Over the past several years, the evolving field of "functional tissue engineering" has become increasingly popular. In functional tissue engineering, controlled mechanical loads are applied to cartilage cells seeded in a scaffold in an attempt to stimulate the growth of cartilage that will be able to withstand the loads placed on it when it is implanted in the human body. In the development of a functional tissue engineering protocol, it is essential to understand how mechanical forces stimulate the desired response. The optimal loading protocols for the functional development of joint cartilage, however, remain to be identified. To help predict the type and magnitude of mechanical stimuli that are most beneficial for developing artificial tissue, we have turned to computer models. Theoretical modeling, predicting flow and stress fields, for example, are used in synergy with biological experiments to predict how tissue level loading will influence cell behavior and tissue development. Figure 1 shows a potential strategy map. The plan carries the underlying assumption that the mechanical cell stimuli for tissue engineering should be close to what occurs naturally in the joint. Therefore, the strategy plan includes a comparison between tissue engineered constructs and joint cartilage regarding the spatial patterns of mechanical field variables.

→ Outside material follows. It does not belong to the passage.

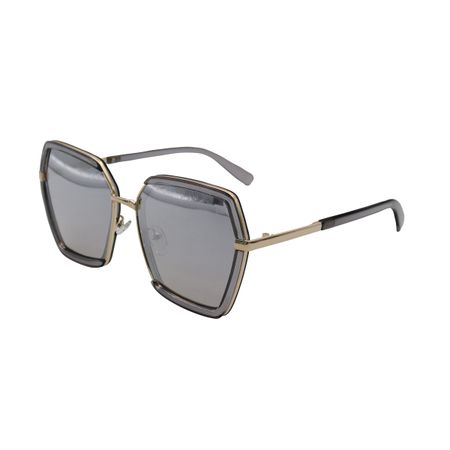 Солнцезащитные очки для яркого имиджевого эффекта. Крупная форма пластиковой оправы подходит к любой форме лица. Комбинированная оправа изготовлена из золотистого металла и прозрачного серого пластика, стекла серые, дужки металлические с пластиковыми заушниками. Фактор УФ-защиты 400. В подарок- мягкий чехол из микрофибры, защищающий от механических повреждений. Может быть использован в качестве салфетки для протирки очков.

Figure 1: Possible Strategy Map

We use MSC software as a platform to simulate cell-seeded implants using finite element analysis (FEA). Subroutines are incorporated to model the complex material behavior and allow for the inclusion of an evolution equation. The evolutional equation allows for time dependent simulation of growing extracellular matrix. A multiscale FEA-approach has been chosen (Figure 2). Starting with a FEM-macromodel of the cartilage cell-scaffold construct, the local load history of a selected element of the FE macro-mesh provides the boundary conditions for a FE-micromodel with a single cell and its neighborhood.

The engineered cartilage tissue can be considered a mixture of two immiscible components, and it is generally accepted that it can be modeled as a saturated porous medium. The poroelastic features of MSC.Marc have been used to account for this biphasic material behavior of the artificial cartilage construct (cartilage cells embedded in a porous polyurethane scaffold). The viscoelastic effects of the scaffold itself were implemented using a newly developed non-linear, bimodular hyperelastic function with a special structural tensor, which modeled the anisotropic behavior of the solid phase.

Figure 2: Macromodel (above) of a cell-scaffold construct and micromodel (right) of a single cell and its neighborhood.

It has been well-established that mechanical loading regulates the anabolic and catabolic metabolism of cells. In particular, anabolic mechanisms are of vital importance for tissue engineering. Within this context, cells seeded and cultured in appropriate constructs have to be stimulated to produce and structure contents of the extracellular tissue matrix.

An incorporated stochastic "tissue growth function" helps to determine the time course as well as the spatial distribution of matrix development.

Since the identification and control of mechanical stimuli driving biological activities represent the crucial link between the experimental and the numerical approach, a coupled experimental-numerical procedure to simulate the spatial distribution (localization) of biological activities has been developed. Once fine tuned, the procedure can be used to reduce the nearly infinite number of combinations of possible loading-scaffold- cell-growth factor to a reasonable set of the most promising conditions that can be evaluated experimentally.